FILE – A Russian man identified as Alexander Vinnik, center, is escorted by police officers from the courthouse at the northern Greek city of Thessaloniki, in this Friday, Sept. 29, 2017, file photo. Vinnick, convicted of laundering $160 million in criminal proceeds through a cryptocurrency exchange, is currently imprisoned in France and might yield additional information about the intersection of organized cybercrime and the Russian state. (AP Photo/Giannis Papanikos, File)

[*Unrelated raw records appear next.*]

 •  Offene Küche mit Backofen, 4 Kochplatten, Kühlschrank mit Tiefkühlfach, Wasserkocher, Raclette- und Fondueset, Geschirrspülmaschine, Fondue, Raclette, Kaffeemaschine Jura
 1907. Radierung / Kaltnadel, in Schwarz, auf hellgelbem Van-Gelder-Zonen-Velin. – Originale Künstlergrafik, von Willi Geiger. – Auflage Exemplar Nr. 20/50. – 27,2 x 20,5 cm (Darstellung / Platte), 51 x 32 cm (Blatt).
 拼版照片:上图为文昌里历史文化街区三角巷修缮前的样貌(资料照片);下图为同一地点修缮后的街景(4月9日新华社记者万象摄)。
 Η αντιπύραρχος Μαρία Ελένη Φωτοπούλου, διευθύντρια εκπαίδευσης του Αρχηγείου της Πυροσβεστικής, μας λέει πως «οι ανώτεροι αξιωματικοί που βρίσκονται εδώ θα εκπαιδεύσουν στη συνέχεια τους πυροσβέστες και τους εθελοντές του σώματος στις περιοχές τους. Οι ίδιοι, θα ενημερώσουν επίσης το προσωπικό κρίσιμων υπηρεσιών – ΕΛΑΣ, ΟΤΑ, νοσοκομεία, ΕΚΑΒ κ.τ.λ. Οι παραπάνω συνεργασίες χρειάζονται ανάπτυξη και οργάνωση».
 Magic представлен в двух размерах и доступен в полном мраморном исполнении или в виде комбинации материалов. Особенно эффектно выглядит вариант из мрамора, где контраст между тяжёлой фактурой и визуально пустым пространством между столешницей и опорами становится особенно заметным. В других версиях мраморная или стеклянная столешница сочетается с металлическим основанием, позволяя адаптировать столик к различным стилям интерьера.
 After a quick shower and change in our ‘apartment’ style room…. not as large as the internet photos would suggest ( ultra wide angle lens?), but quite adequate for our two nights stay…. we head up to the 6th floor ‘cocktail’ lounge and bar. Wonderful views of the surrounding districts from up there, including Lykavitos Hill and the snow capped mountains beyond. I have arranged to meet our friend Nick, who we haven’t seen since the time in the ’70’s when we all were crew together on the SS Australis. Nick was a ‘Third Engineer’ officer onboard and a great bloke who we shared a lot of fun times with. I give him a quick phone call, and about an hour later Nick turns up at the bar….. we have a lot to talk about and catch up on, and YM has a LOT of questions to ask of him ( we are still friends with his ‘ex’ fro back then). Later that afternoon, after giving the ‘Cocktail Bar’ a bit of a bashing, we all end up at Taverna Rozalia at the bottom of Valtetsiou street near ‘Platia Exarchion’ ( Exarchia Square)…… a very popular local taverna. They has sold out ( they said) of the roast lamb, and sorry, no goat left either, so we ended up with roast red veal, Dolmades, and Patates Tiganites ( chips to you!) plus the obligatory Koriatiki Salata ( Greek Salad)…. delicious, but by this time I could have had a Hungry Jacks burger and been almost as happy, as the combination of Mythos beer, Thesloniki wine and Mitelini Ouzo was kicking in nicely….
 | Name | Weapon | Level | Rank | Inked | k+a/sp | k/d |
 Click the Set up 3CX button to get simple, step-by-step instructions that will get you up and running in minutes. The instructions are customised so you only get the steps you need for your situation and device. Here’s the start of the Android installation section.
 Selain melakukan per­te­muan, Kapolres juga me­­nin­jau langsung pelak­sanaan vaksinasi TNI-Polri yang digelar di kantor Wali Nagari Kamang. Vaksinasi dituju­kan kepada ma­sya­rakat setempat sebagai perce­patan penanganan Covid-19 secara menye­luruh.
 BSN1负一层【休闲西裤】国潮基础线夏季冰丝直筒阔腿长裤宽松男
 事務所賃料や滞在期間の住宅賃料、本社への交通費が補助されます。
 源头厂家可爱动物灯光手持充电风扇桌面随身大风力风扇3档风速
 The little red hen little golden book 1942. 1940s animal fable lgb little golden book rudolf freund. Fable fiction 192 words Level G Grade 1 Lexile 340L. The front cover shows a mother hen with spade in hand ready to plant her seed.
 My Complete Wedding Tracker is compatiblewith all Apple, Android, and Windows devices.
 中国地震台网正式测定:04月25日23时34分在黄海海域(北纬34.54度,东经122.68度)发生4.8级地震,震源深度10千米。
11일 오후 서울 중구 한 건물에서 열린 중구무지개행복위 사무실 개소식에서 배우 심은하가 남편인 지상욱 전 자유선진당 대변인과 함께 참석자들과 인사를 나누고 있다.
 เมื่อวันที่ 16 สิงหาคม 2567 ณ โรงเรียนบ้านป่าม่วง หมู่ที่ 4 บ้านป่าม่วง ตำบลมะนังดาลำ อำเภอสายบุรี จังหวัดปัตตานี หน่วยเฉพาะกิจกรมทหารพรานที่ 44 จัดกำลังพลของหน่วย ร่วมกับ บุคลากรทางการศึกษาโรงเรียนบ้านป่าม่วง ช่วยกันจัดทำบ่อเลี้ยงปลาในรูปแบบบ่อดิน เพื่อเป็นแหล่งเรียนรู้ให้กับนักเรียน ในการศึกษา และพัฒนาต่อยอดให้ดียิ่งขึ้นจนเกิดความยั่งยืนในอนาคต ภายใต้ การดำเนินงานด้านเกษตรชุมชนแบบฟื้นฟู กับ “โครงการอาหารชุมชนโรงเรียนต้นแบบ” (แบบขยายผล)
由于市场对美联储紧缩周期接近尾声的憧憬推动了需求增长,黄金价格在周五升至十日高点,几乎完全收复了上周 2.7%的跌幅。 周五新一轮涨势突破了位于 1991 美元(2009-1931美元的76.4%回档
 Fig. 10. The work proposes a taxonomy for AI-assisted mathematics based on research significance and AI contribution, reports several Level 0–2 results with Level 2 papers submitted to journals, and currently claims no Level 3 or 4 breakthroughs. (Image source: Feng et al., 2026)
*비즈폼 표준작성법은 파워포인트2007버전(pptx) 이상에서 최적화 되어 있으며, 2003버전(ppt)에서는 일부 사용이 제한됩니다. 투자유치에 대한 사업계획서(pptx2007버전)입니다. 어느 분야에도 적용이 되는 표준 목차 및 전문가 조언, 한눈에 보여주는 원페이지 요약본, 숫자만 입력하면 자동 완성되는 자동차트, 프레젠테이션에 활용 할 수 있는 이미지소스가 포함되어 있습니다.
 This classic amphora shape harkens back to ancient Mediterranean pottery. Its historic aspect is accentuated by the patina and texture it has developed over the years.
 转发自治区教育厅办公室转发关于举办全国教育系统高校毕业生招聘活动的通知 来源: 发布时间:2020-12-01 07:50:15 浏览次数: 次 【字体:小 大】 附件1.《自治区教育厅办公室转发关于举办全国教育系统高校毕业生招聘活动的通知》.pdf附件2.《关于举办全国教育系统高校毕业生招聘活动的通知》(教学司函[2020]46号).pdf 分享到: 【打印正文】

BOSTON — A global epidemic of digital extortion known as ransomware is crippling governments, hospitals, school districts and businesses by scrambling their data files until they pay up. Law enforcement agencies have been largely powerless to stop it.
One big reason: Ransomware rackets are dominated by Russian-speaking cybercriminals who are shielded — and sometimes employed — by Russian intelligence agencies, according to security researchers, U.S. law enforcement officials, and now the Biden administration.
The value of Kremlin protection isn’t lost on the cybercriminals themselves. Earlier this year, a Russian-language dark-web forum lit up with criticism of a ransomware purveyor known only as “Bugatti,” whose gang had been caught in a rare U.S.-Europol sting. The assembled posters accused him of inviting the crackdown with technical sloppiness and by recruiting non-Russian affiliates who might be snitches or undercover agents.
Worst of all, in the view of one long-active forum member, Bugatti had allowed Western authorities to seize ransomware servers that could have been sheltered in Russia instead. “Mother Russia will help,” that individual wrote. “Love your country and nothing will happen to you.” The conversation was captured by the security firm Advanced Intelligence, which provided it to The Associated Press.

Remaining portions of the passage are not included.